- [Task]
The task for the listing below is to write out exactly the lines starting at the one containing "Der offene Wohnbereich" and ending at the one containing "Цвет #41B884 в", both included. Pictures are to be omitted.

- [Exercise data]
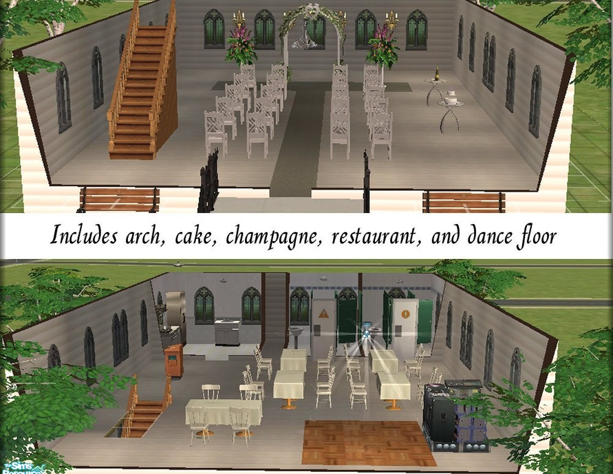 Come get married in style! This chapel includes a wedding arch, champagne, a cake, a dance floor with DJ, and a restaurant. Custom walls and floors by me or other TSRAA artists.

* * *

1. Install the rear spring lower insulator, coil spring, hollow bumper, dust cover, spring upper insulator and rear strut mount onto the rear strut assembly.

...

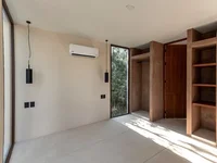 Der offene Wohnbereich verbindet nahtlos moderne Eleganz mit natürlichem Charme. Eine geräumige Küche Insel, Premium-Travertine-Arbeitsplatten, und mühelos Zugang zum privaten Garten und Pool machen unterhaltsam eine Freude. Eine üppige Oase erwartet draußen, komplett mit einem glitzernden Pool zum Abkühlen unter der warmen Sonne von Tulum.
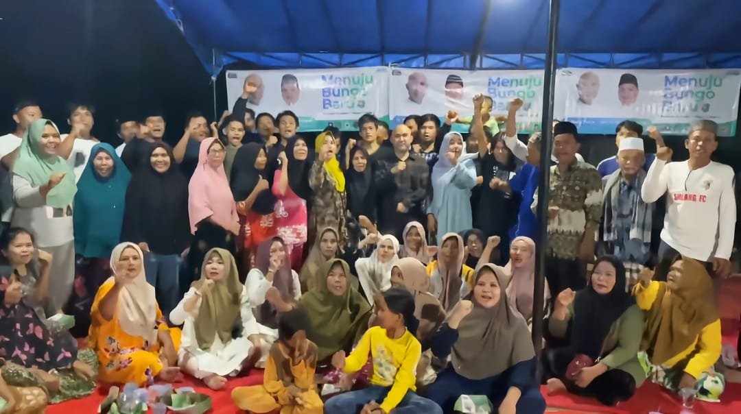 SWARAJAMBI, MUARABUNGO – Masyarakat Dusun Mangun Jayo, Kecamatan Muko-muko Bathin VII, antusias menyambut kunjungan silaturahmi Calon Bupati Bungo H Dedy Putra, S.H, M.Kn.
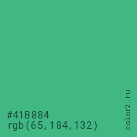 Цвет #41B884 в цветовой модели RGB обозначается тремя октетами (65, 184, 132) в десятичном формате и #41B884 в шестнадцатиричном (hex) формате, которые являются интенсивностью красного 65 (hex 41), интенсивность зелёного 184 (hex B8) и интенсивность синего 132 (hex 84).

- [Result for this task]
 Der offene Wohnbereich verbindet nahtlos moderne Eleganz mit natürlichem Charme. Eine geräumige Küche Insel, Premium-Travertine-Arbeitsplatten, und mühelos Zugang zum privaten Garten und Pool machen unterhaltsam eine Freude. Eine üppige Oase erwartet draußen, komplett mit einem glitzernden Pool zum Abkühlen unter der warmen Sonne von Tulum.
 SWARAJAMBI, MUARABUNGO – Masyarakat Dusun Mangun Jayo, Kecamatan Muko-muko Bathin VII, antusias menyambut kunjungan silaturahmi Calon Bupati Bungo H Dedy Putra, S.H, M.Kn.
 Цвет #41B884 в цветовой модели RGB обозначается тремя октетами (65, 184, 132) в десятичном формате и #41B884 в шестнадцатиричном (hex) формате, которые являются интенсивностью красного 65 (hex 41), интенсивность зелёного 184 (hex B8) и интенсивность синего 132 (hex 84).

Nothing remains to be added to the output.